Ce vendredi 7 février, le Conseil des droits de l’homme de l’ONU s’est réuni en urgence à la demande de Kinshasa à Genève, en Suisse, où Bintou Keita, représentante spéciale du secrétaire général de l’ONU en RDC, a déploré la situation humanitaire dans l’est de la RDC.
La RDC a enterré plus de 2000 corps de personnes tuées lors des combats de la semaine dernière à Goma, capitale provinciale du Nord-Kivu, selon Patrick Muyaya, porte-parole du gouvernement congolais. Présente à la 37e session spéciale du Conseil des droits de l’homme sur la situation des droits de l’homme dans l’est de la RDC, Bintou Keita a réitéré son appel à la communauté internationale à plaider en faveur de la RDC.
Pour elle, une aide humanitaire immédiate atteint Goma. Il s’agit de la ville où les corps en décomposition ont été collectés dans les rues après des affrontements entre les rebelles et l’armée.
« Les corps en décomposition ramassés dans les rues de Goma ont incité l’OMS à mettre en garde contre des épidémies potentielles. Le personnel médical est confronté à des coupures d’électricité et manque de carburant pour ses générateurs. Il travaille dans des conditions extrêmement difficiles, conditions extrêmement difficiles, tout en assurant le traitement des patients et le fonctionnement des morgues.

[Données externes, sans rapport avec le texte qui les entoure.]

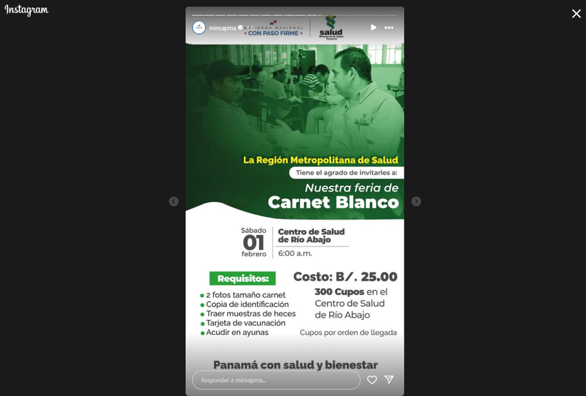El Ministerio de Salud (MINSA) llevará a cabo una feria especial para la emisión del Carnet Blanco, dirigida a manipuladores de alimentos interesados en realizar este trámite. La actividad se desarrollará el próximo sábado, 1 de febrero, a partir de las 6:00 a.m., en el Centro de Salud de Río Abajo.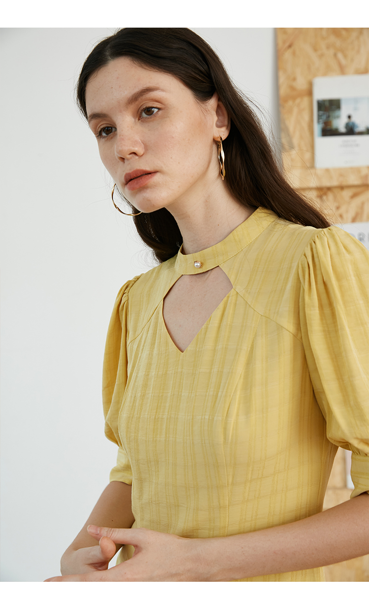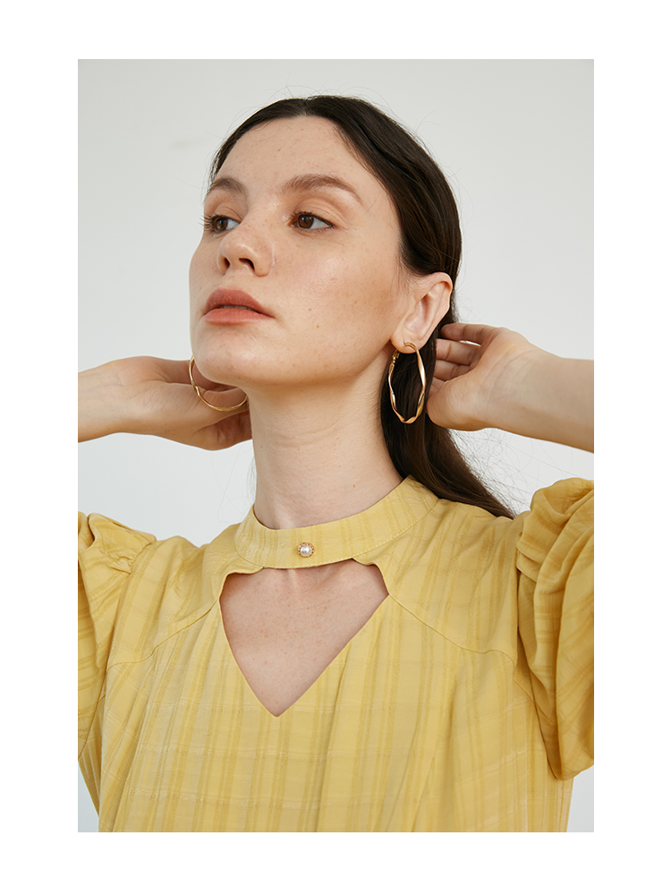 袖口的珍珠扣与领口呼应。灯笼袖的设计, 不夸张的复古感刚刚好。 |

Je répète que la situation humanitaire à Goma est catastrophique », a déclaré Bintou Keita devant le conseil de sécurité.
Alors qu’Antonio Guterres, secrétaire général des Nations unies, appelle à mettre fin à l’escalade militaire, les rebelles du M23 et les troupes rwandaises ont continué à progresser dans le Sud-Kivu, dans l’est de la RDC. Après s’être emparés de Goma, le groupe armé et les troupes rwandaises ont fait reculer les forces congolaises après des affrontements à une quarantaine de kilomètres de la localité de Kavumu, qui abrite l’aéroport de Bukavu, selon des sources sécuritaires et humanitaires.
Selon la cheffe de la Monusco, la reconstruction, la réouverture de l’aéroport international de Goma et l’arrêt du brouillage de GPS (Système de positionnement mondial) sont vitaux pour l’évacuation des blessés et l’entrée d’aide.
Jusque-là, la communauté internationale et des pays médiateurs, notamment l’Angola et le Kenya, tentent de trouver une issue diplomatique à la crise dans la crainte que le conflit ne dégénère en guerre régionale. Kinshasa réclame des sanctions contre Kigali.
Ce samedi, Félix Tshisekedi, président congolais, et son homologue rwandais, Paul Kagame, doivent participer à Dar es Salaam, capitale tanzanienne, à un sommet extraordinaire conjoint de la Communauté des Etats d’Afrique de l’Est (EAC) et de la Communauté de développement de l’Afrique australe (SADC).